Example 3. Controllable periodic destruction oxidation of methyl β-D-ribofuranoside
0.899 g (4. mmol) periodate sodium was dissolved in 8 ml of water, then added with stirring 0.648 g (4 mmol) of methyl β-D-ribofuranoside and the solution kept at room temperature. According to TLC in the system chloroform - ethanol 4:1, the reaction ends after 1 hour. Reactional the mixture was left in the refrigerator for 20 hours at 0°C, the precipitated white crystalline precipitate NaIO3was filtered and received a 0.5 M solution dialdehydes derived methyl β-D-ribofuranoside, which is used for the crosslinking of chitosan. The solution dialdehydes derived stable when stored in the refrigerator for several months.
Example 4. Obtaining a solution of 3-oxoglutarate aldehyde (2,2'-oxadiazolidine)
0.450 g (2.1 mmol) of periodate sodium was dissolved in 5 ml of water, then added with stirring 0.208 g (2 mmol) of 1,4-anhydromannitol and the solution kept at room temperature. According to TLC in the system chloroform - ethanol 5:1, the reaction ends after 1 hour. Reactional the mixture was left in the refrigerator for 20 hours at 0°C, the precipitated white crystalline precipitate NaIO3was filtered and received a 0.4 M solution of 3-oxoglutarate aldehyde, which ispolzovali the crosslinking of chitosan. A solution of 3-oxoglutarate aldehyde stable when stored in the refrigerator for several months.
Example 5. Obtaining a hydrogel of chitosan
To 2.5 g of 3%-aqueous solution of chitosan with molecules of the nuclear biological chemical (NBC weight of 460 kDa in 2%acetic acid (pH 4,1) add 0.4 ml of 0.5m oxUrd. The resulting gel has the following composition, wt. %: chitosan - 2,43, oxUrd - 1,54, the rest to 100%. The ratio oxUrd/NH2is 0.67 mol/mol. Gelation is completed within 120 minutes.
Example 6. Obtaining a hydrogel of chitosan
3%solution of chitosan (molecular weight of 460 kDa) in 2%acetic acid titrated 10M NaOH to pH 5.0. To 2.5 g of this solution was added 0.4 ml of 0.5m oxUrd. The resulting gel has the following composition, wt. %: chitosan - 2,43, oxUrd - 1,54, the rest to 100%. The ratio oxUrd/NH2is 0.67 mol/mol. Gelation is completed within 60 minutes.

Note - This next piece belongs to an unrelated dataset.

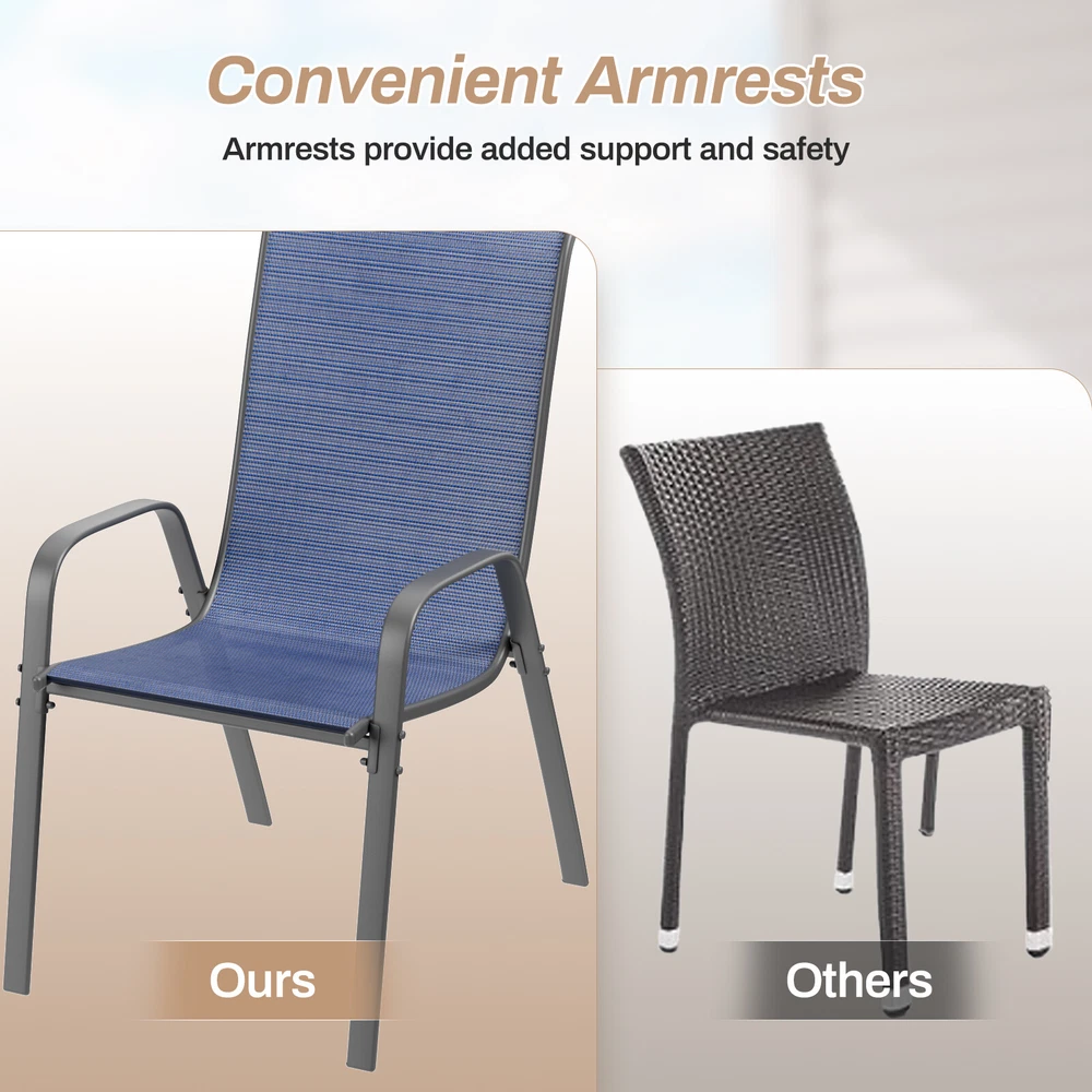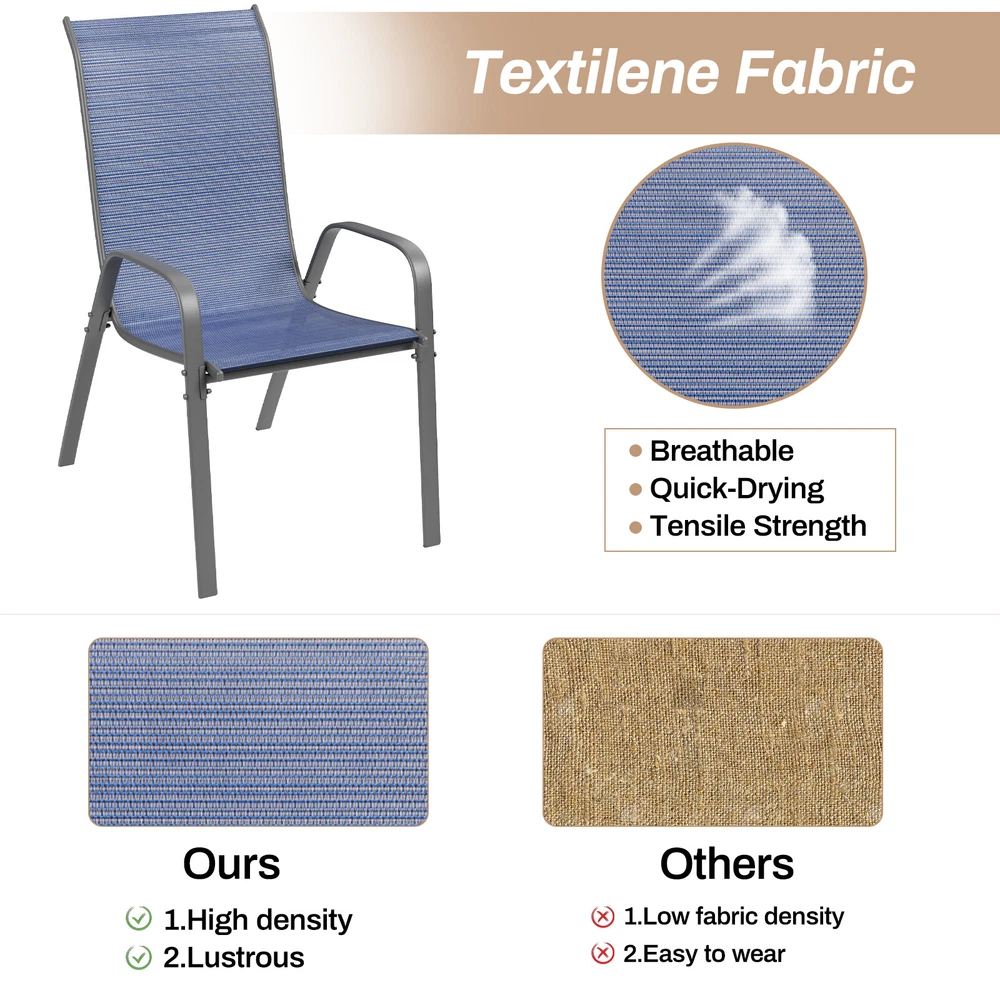Description: Elevate your outdoor dining experience with our exceptional Patio Chairs, designed for durability and comfort.Transform your outdoor space into a welcoming oasis with our Patio Chairs set. Durable, stylish, and designed for everyday use, they're the perfect addition to your outdoor furniture collection. Don't miss out on the opportunity to enhance your outdoor lifestyle! Features: Yiwsz-0 Your Best Online Business Partner Patio Chairs Set of 4, Outdoor Textilene Stackable Dining Sitting for All Weather, Breathable Lawn Garden Furniture with Armrests, Heavy Duty Metal Frame for Porch, Backyard, Pool side, and Deck Description: Elevate your outdoor dining experience with our exceptional Patio Chairs, designed for durability and comfort.Transform your outdoor space into a welcoming oasis with our Patio Chairs set. Durable, stylish, and designed for everyday use, they're the perfect addition to your outdoor furniture collection. Don't miss out on the opportunity to enhance your outdoor lifestyle! Features: Textilene Fabric: Fade-resistant Textilene fabric is very breathable, so that the patio furniture set will not feel hot and sticky even in hot weather. Wear resistance and quick drying also make the outdoors chairs more suitable for backyards, poolsides, and gardens Heavy Duty Metal Frame: Frame of the stackable chairs is made of 0.8mm iron pipe, with an overall load-bearing capacity of 330lbs. Outdoor dining chairs are sturdy and durable and can adapt to all weather conditions Armrests: Patio dining chairs has armrests, which increase the comfort of the garden chair. Deck chair with armrests can support and prevent you from falling sideways, allowing you to stay seated and making it easier to stand up Ergonomic: Seat width of the outdoor chair set is 20 inches, the seat height is 17 inches, and the high backrest design conforms to the ergonomic structure and is comfortable to sit on Easy To Assemble&Store: Metal chairs set of 4/8 is CKD and requires 2 people to assemble. When installing, tighten each screw to 70%, and then tighten them one by one after all the screws are tightened.Patio set can be stacked, which makes the storage of the stackable dining chairs convenient and simple, and does not take up space Specification: Size: 28.3*21.26*36.6inch Color: Sapphire Blue Frame: Steel metal Fabric:Textilene Armrests:Armrests Place Of Use: Outdoor, Garden, Poolside, Backyard, Porch, Deck Style: Modern" 【Installation Instructions】Note: At least two people are required to install together!!! Since the chair is partially disassembled when it is delivered, you need to install it manually after receiving it. The package contains detailed assembly instructions and parts, or you can follow the video on the page to install it, so that you can complete the assembly in a short time. If you have any questions, you can always contact customer service. 【Maintenance Instructions】To extend the service life of the garden chair, do not use corrosive cleaners; when not in use, cover the chair with a protective cover to protect the furniture. To remove stubborn dirt, you can use a high-pressure cleaner, and be sure to dry it after cleaning to avoid rust, or use a wet towel for care. Storage conditions: Store in a clean, dry place to avoid hair and rust. Item Specifics Type Armchair Brand Unbranded Item Height 37.3 in Item Length 26.4 in Item Width 21.3 in Set Includes Chair Indoor/Outdoor Indoor & Outdoor Features With Armrest Maximum Weight Capacity 330 lb Color Sapphire Blue Payment We only accept Payoneer payment. Shipping We will ship out your item within 24-48 business hours after payment received; We don't process orders on weekends and holidays. Returns 30 day returns. Full / Partial Money Back, or Replacement. Contact Us If you have ANY problems, please feel free to let us know, we'll get back to you ASAP and do our bets to resolve it. Yiwsz-0 Your Best Online Business Partner DESCRIPTION PAYMENT SHIPPING RETURN POLICY CONTACT US Store Category Store Home Kids Slide Garbage Can Indoor Furniture Fitness Home & Garden Hot Item Oversized Padded Zero Gravity Chair, 2pcs Folding Outdoor Patio Recliner, 350lbs USD 139.99 Patio Chairs Set of 4 Breathable Stackable Dining Chairs Outdoor Yard Furniture USD 125.99 3pcs Chaise Lounge Chair Outdoor Adjustable Patio Reclining Chair W/ Side Table USD 169.99 Set of 4 Patio Dining Chairs Outdoor Stackable Armrest Space Saving Garden USD 107.99 Outdoor Stackable Dining Chairs Set of 4, All-Weather Patio Chairs with Armrests USD 113.99 New List Item Dog Crate Furniture Wooden Indoor Dog Kennel End Table Pet cage Furniture USD 189.99 Kids Table and 2 Chairs 4-in-1 Toddler Activity Table w/ Lego and Duplo Bricks USD 99.99 Kids Toy Storage Organizer Toddler 3-Tier Rocket Bookshelf with Side shelves USD 104.99 Dog Crate Furniture Wooden Indoor Dog Kennel End Table Pet cage Furniture USD 189.99 Kids Toy Storage Organizer Toddler Bookshelf w/ 2 Tier Wooden Bookshelf Bookcase USD 104.99 Help & Info Payment Policy Shipping Policy Return Policy FAQ About Us Patio Chairs Set of 4, Outdoor Textilene Stackable Dining Sitting for All Weather, Breathable Lawn Garden Furniture with Armrests, Heavy Duty Metal Frame for Porch, Backyard, Pool side, and Deck Description: Elevate your outdoor dining experience with our exceptional Patio Chairs, designed for durability and comfort.Transform your outdoor space into a welcoming oasis with our Patio Chairs set. Durable, stylish, and designed for everyday use, they're the perfect addition to your outdoor furniture collection. Don't miss out on the opportunity to enhance your outdoor lifestyle! Features: Textilene Fabric: Fade-resistant Textilene fabric is very breathable, so that the patio furniture set will not feel hot and sticky even in hot weather. Wear resistance and quick drying also make the outdoors chairs more suitable for backyards, poolsides, and gardens Heavy Duty Metal Frame: Frame of the stackable chairs is ma

Example 7. Obtaining a hydrogel of chitosan
To 2.5 g of 2%solution of chitosan with molecular weight of 460 kDa in 2%acetic acid (pH 4,1) type of 0.64 ml of 4 mm oxUMP. The resulting gel has the following composition, wt.%: chitosan - 1,60, oxUMP was 0.026, the rest to 100%. The ratio oxUMP/NH2is 0.01 mol/mol. Gelation is completed within 10 minutes.
Example 8. Obtaining a hydrogel of chitosan.
To 2.5 g of 2%solution of chitosan with a molecular mass of 190 kDa in 2%acetic acid (pH 4,1) type of 0.64 ml of 4 mm ohmr. The resulting gel has the following composition, wt. %: chitosan - 1,60, kamr - 0,028, the rest to 100%. The ratio ohmr/NH2is 0.01 mol/mol. Gelation is completed in 14 hours.
Example 9. Obtaining a hydrogel containing immobilized trypsin/p>
To 2.5 g of 3%-aqueous solution of chitosan with a molecular mass of 190 kDa in 2%acetic acid (pH 4,1) add 0.2 ml of an aqueous solution of trypsin (5 mg/ml) and 0.4 ml of 0.5m oxUrd. The resulting gel has the following composition, wt. %: chitosan - 2,43, oxUrd - 1,54, trypsin - 0,032, the rest to 100%. The ratio Urd/NH2chitosan is 0.67 mol/mol. Gelation is completed within 120 minutes. The gel has activity equal to 90 units/g of dried gel.
Example 10. Obtaining microcapsules based on chitosan
Microcapsules were obtained by means of high-frequency (200 Hz) breaker jet molding composition is a joint solution of chitosan with a molecular mass of 300 kDa and oxUrd, in warm (60°C) vegetable oil. The ratio oxUrd/NH2were 0.4 and 2 mol/mol. To complete the process of gelation capsules kept in oil for 5-10 minutes under stirring. The obtained microcapsules with a diameter of 300-500 μm, had a spherical shape. The degree of swelling in water of the microcapsules obtained when the ratio oxUrd/NH2=2.0 mol/mol, 300%, and at oxUrd/NH2=0.4 mol/mol - 2000%.
Example 11. The receiving space of the modified films based on chitosan
To 45 g of 2%solution of chitosan with molecular weight of 460 kDa in 2%acetic acid (pH 4,1) type of 11.26 ml of 2 mm dialdehydes derived METI the β-D-ribofuranoside. After mixing, the solution was poured into a Petri dish with a diameter of 10 cm and left overnight at 40°C. the Obtained film has the following composition, wt.%: chitosan - 95,40, dialdehydes derived methyl β-D-ribofuranoside - 0,80, the rest to 100%. The ratio dialdehydes derived methyl β-D-ribofuranoside /NH2was 0.005 mol/mol. The thickness of the laminated film 50 μm, the degree of swelling in water of 800%.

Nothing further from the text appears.